Range to repeat from the listing below: the line containing "360数科2022年第二季度" down to the line containing "Colocar el costillar", both included. Copy it exactly, pictures excluded, and add nothing else.

::: SOURCE MATERIAL :::

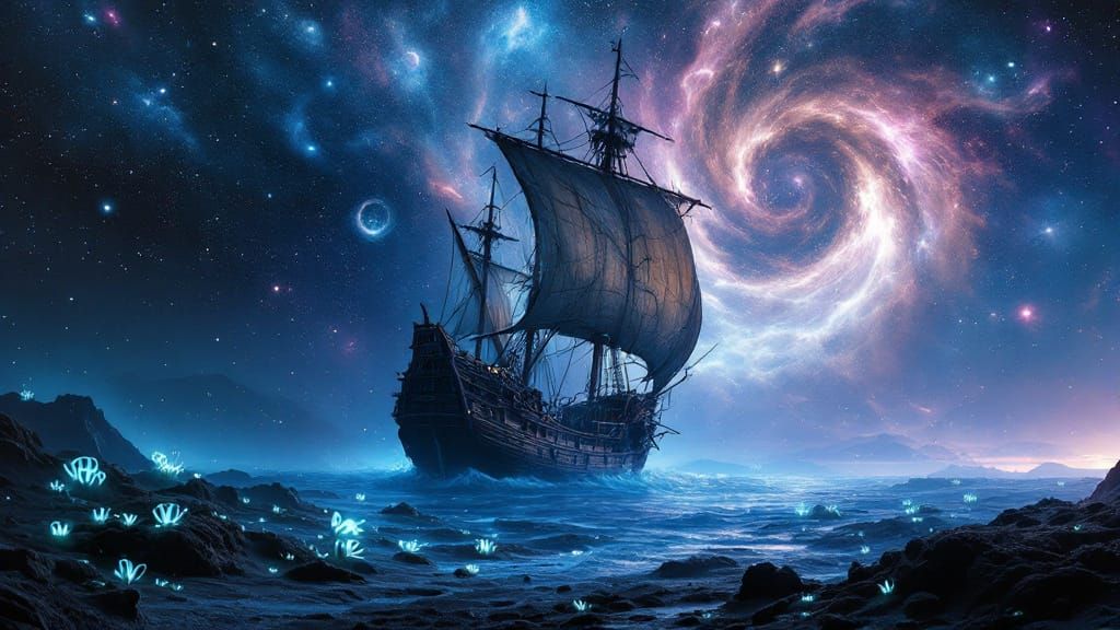 This image shows a lone, weathered pirate ship sailing through a stardust nebula. An alien landscape with glowing plants is below, bathed in ethereal light casting dreamlike shadows. Evokes grand adventure.
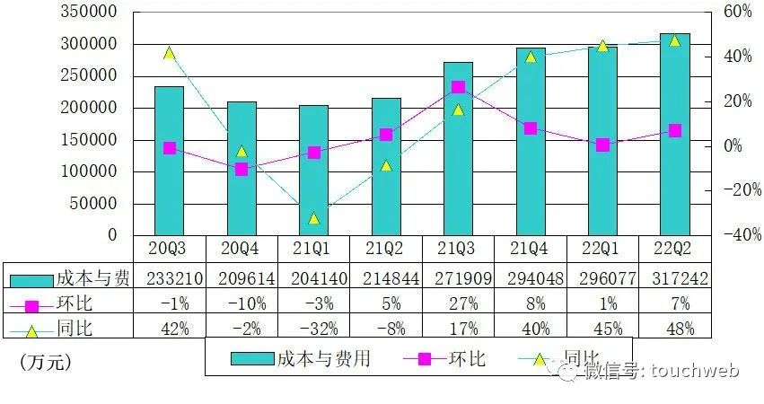 360数科2022年第二季度成本与费用为31.72亿元(约4.74亿美元),较上年同期的21.4亿元增长48%。
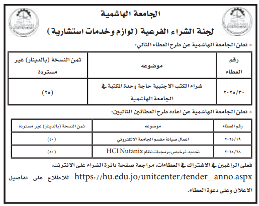 عطاءات صادرة عن الجامعة الهاشمية
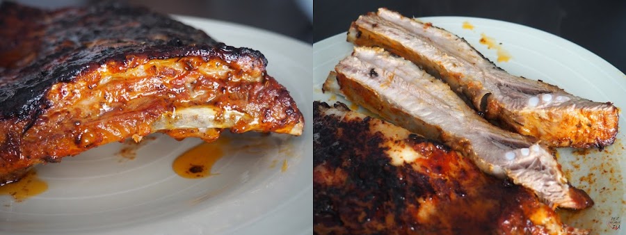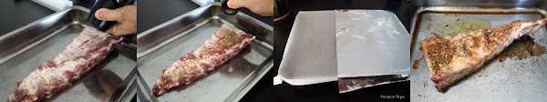 Colocar el costillar en una fuente de horno y espolvorear por ambas caras con pimienta negra molida, pimentón ahumado picante (o dulce, a gustos) y hierbas provenzales (o con la combinación que más os guste). Cubrir la bandeja con papel de horno y sellarla por encima con papel de aluminio.
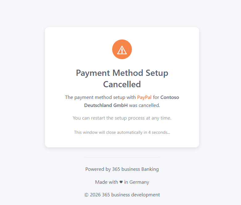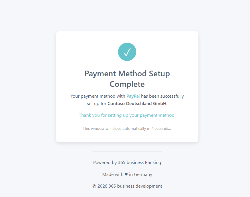 Payment authorization is triggered via Request Payment Authorization... on the customer bank account. PayPal can use optional custom redirect URLs for success and error. If no custom URLs are defined, the default 365 business Banking pages are used.
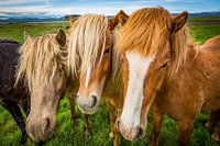 Diese Fotografie zeigt drei Islandponys in direkter Frontalansicht, die den Betrachter mit wacher Neugier und sanfter Gelassenheit ansehen. Ihre charakteristischen Männern, das dichte Fell, und die ausdrucksstarken Augen verleihen jedem Tier eine ganz eigene Persönlichkeit, während sie gleichzeitig als harmonische Einheit wirken. Das…
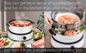 Primst Electric Hot Pot Cooker, Shabu Shabu Hot Pot, Separate Design Multifunctional Electric BBQ Grill Pot, for 2-5 People, 1350W (White)
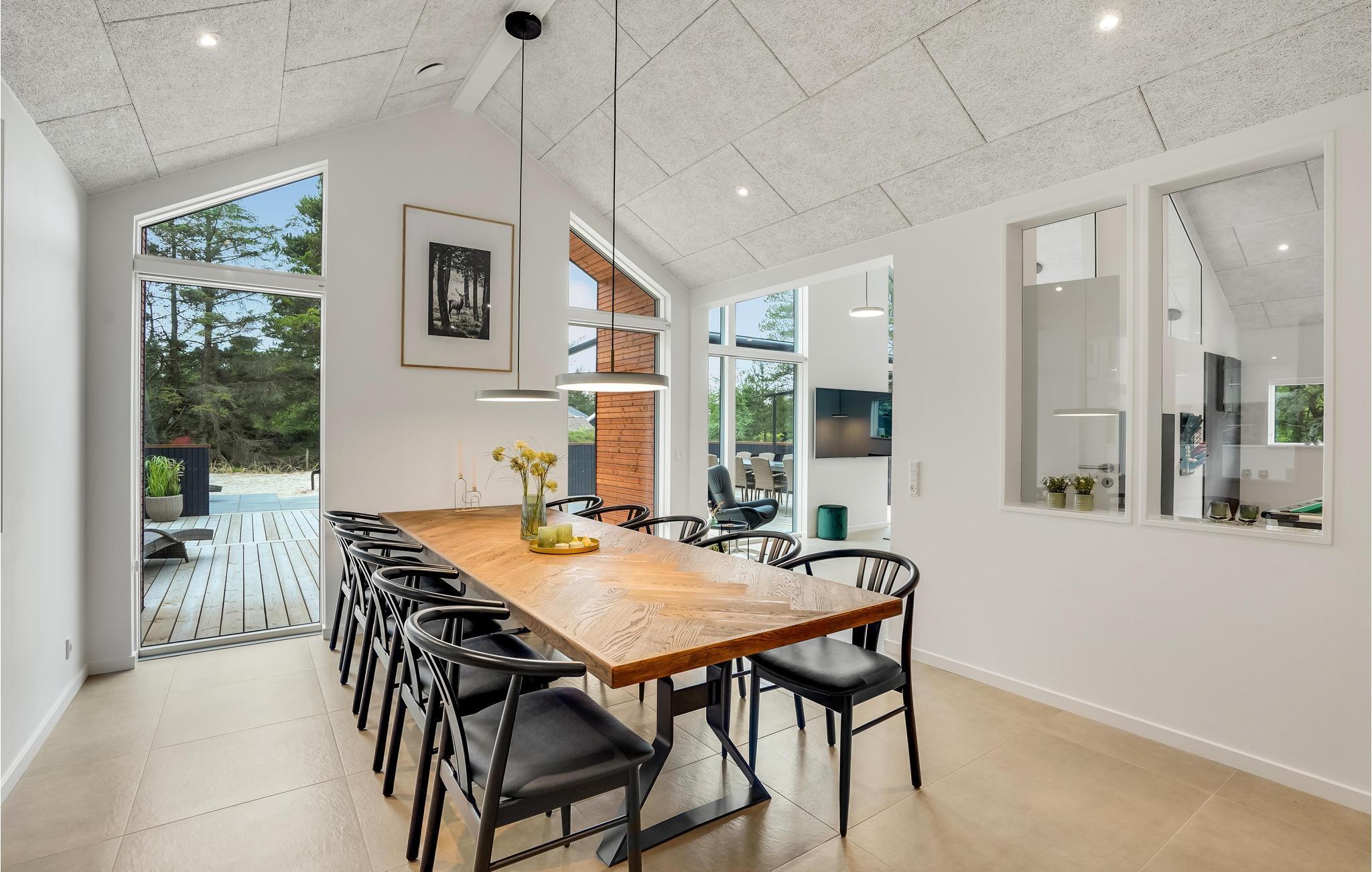 Im Ferienort Blåvand nah am westlichsten Punkt Dänemarks finden Sie dieses großartige Haus. Es besteht aus mehreren Gemeinschaftsräumen und zwei Wohnabteilungen, so dass es ideal für zwei Familien passt. Die hellen, modernen Zimmer sind im skandinavischen Stil eingerichtet und machen einen guten Eindruck. Verbringen Sie im Wohnzimmer gesellige Abenden bei den Mahlzeiten und nutzen Sie die Wellnesseinrichtungen für Entspannung. Die Kinder können sich mit dem Spielzeug für drinnen unterhalten oder oben auf dem offenen Spitzboden, wo eine Spielkonsole vorhanden ist, schön spielen.
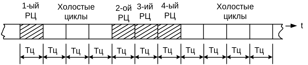 Сложные рабочие циклы (РЦ) передачи одинаковы по длительности и располагаются по оси времени непосредственно друг за другом или определяются временными интервалами, пропорциональными длине цикла работы распределителя.
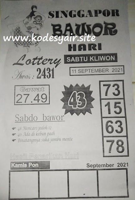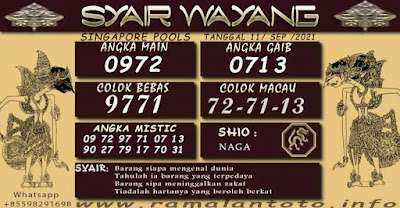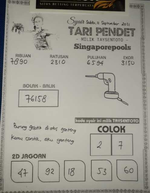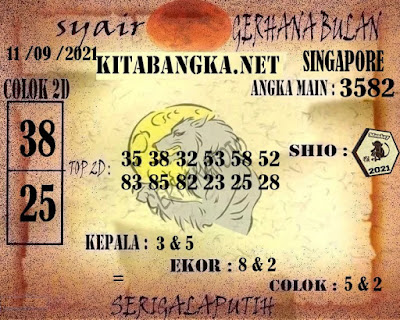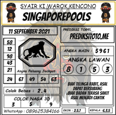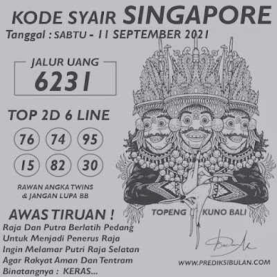 Pada dasarnya dalam semua permainan togel online ini sangatlah membutuhkan kepekaan atau kesadaran anda dalam membaca serta memprediksi nomor togel singapore. Oleh karena itu syair Togel Singapore yang kami terbitkan ini akan sangat memudahkan para pejudi online saat memprediksi angka keluaran di periode selanjutnya. kami sudah mempersiapkan dengan jelas tentang Prediksi togel Sgp 11 September 2021 untuk anda para pencinta judi online.
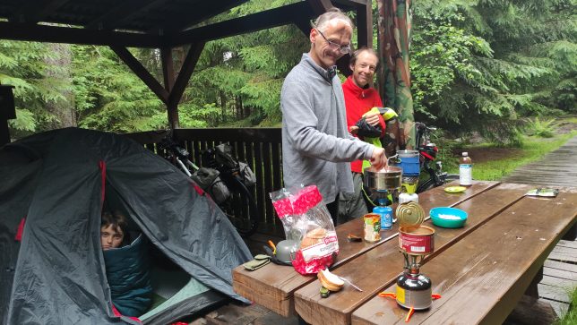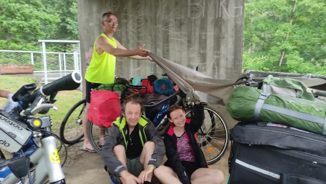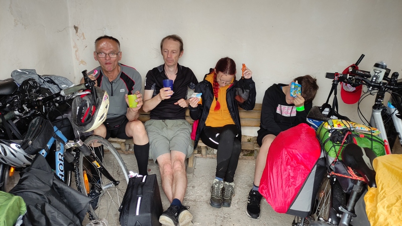Ti se dostavili s natrhanými třešněmi jen tak tak, neboť z nebe opět padala voda. Uvařili jsme si jídlo, kávu, najedli se, popovídali s cestující, jenže venku déšť stále padal.
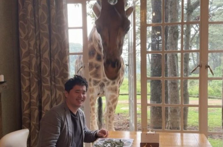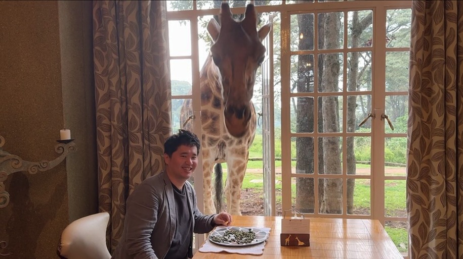 おのださんは新刊書でもたくさんの楽しい旅を紹介している、動物好きのハートをわしづかみにしてくれたホテルがある。ケニアの首都ナイロビにあるキリンと一緒に朝食やアフタヌーンティーを楽しむことができるホテル「ジラフマナー」だ。
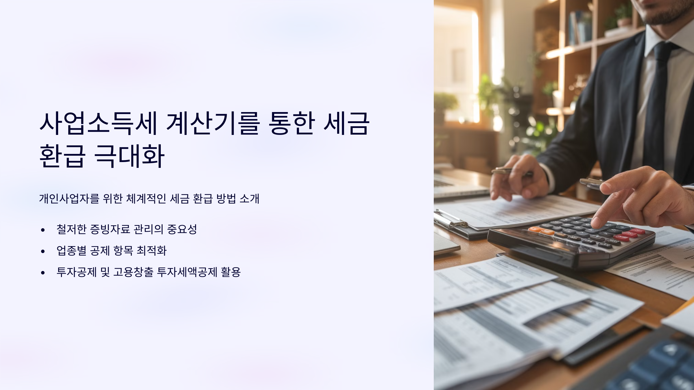 사업소득세 계산기를 통한 세금 환급 극대화 방법에 대해 알아보겠습니다. 사업소득세 계산기를 효과적으로 활용하면 합법적인 방법으로 세금 환급을 최대화할 수 있습니다. 이 글을 통해 개인사업자들이 놓치기 쉬운 세금 환급 항목들을 체계적으로 정리하고 환급액을 늘릴 수 있는 실질적인 방법을 알아볼 수 있습니다.
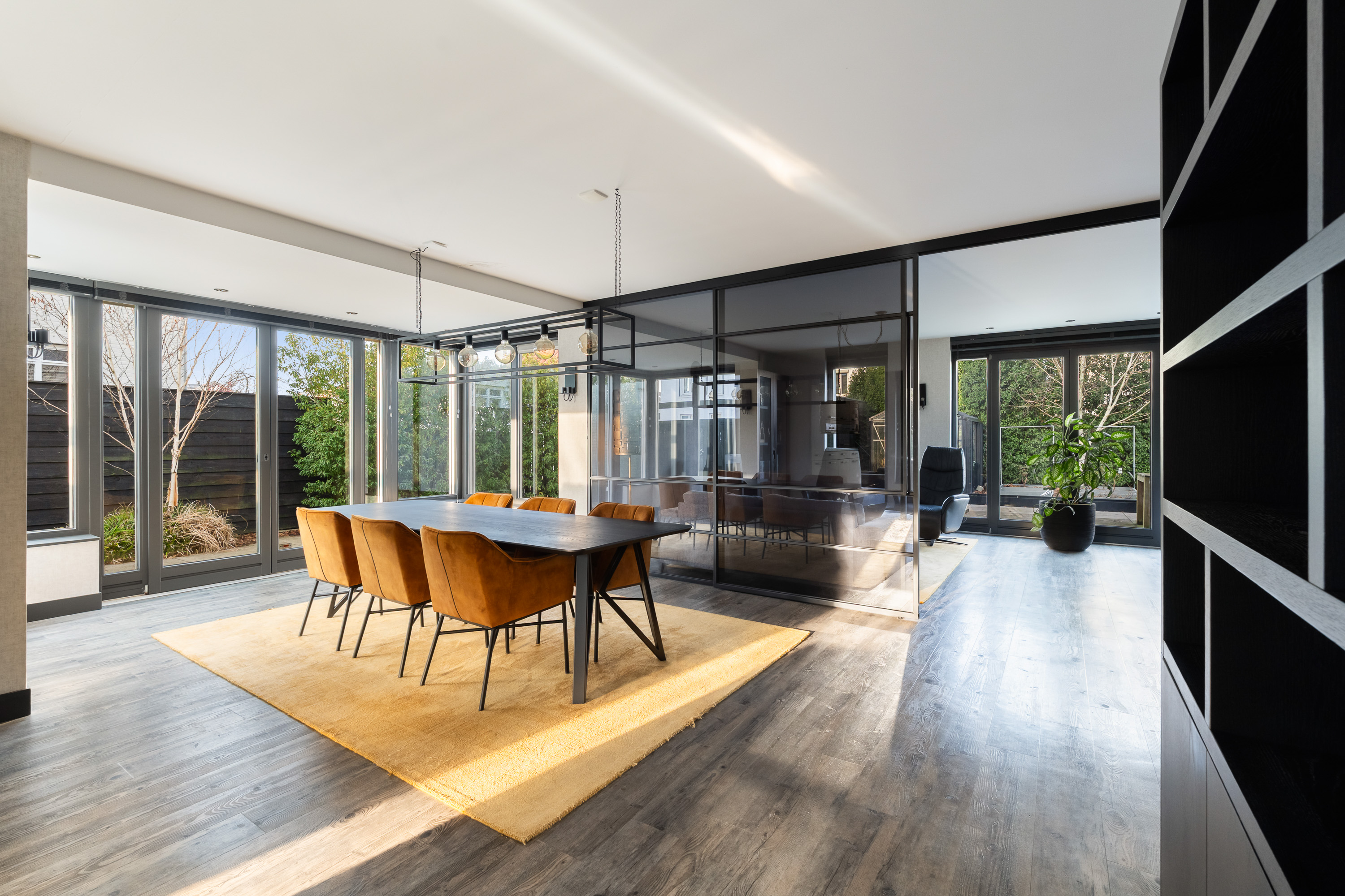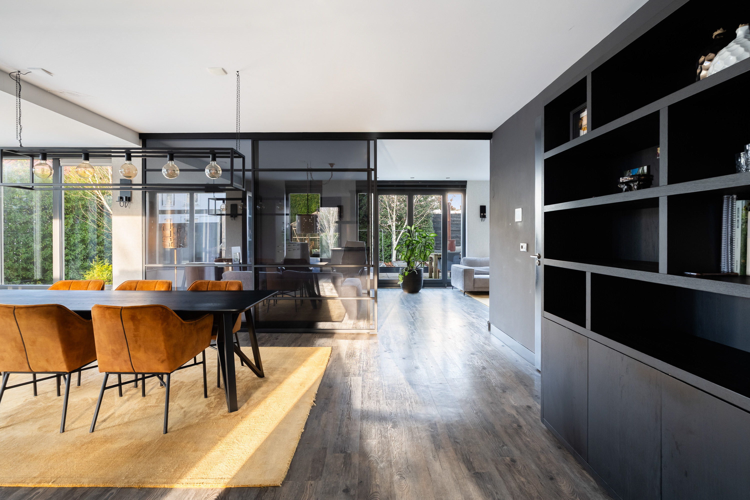The generous driveway leads you to the entrance of this detached villa. Upon entering the hall, you immediately experience the sense of space, natural light and high-quality finish that characterise the property. The staircase to the first floor is also located here. From the hall, you have access to the various living areas on the ground floor.

:::

RESULT OF THIS EXERCISE:
 360数科2022年第二季度成本与费用为31.72亿元(约4.74亿美元),较上年同期的21.4亿元增长48%。
 عطاءات صادرة عن الجامعة الهاشمية
 Colocar el costillar en una fuente de horno y espolvorear por ambas caras con pimienta negra molida, pimentón ahumado picante (o dulce, a gustos) y hierbas provenzales (o con la combinación que más os guste). Cubrir la bandeja con papel de horno y sellarla por encima con papel de aluminio.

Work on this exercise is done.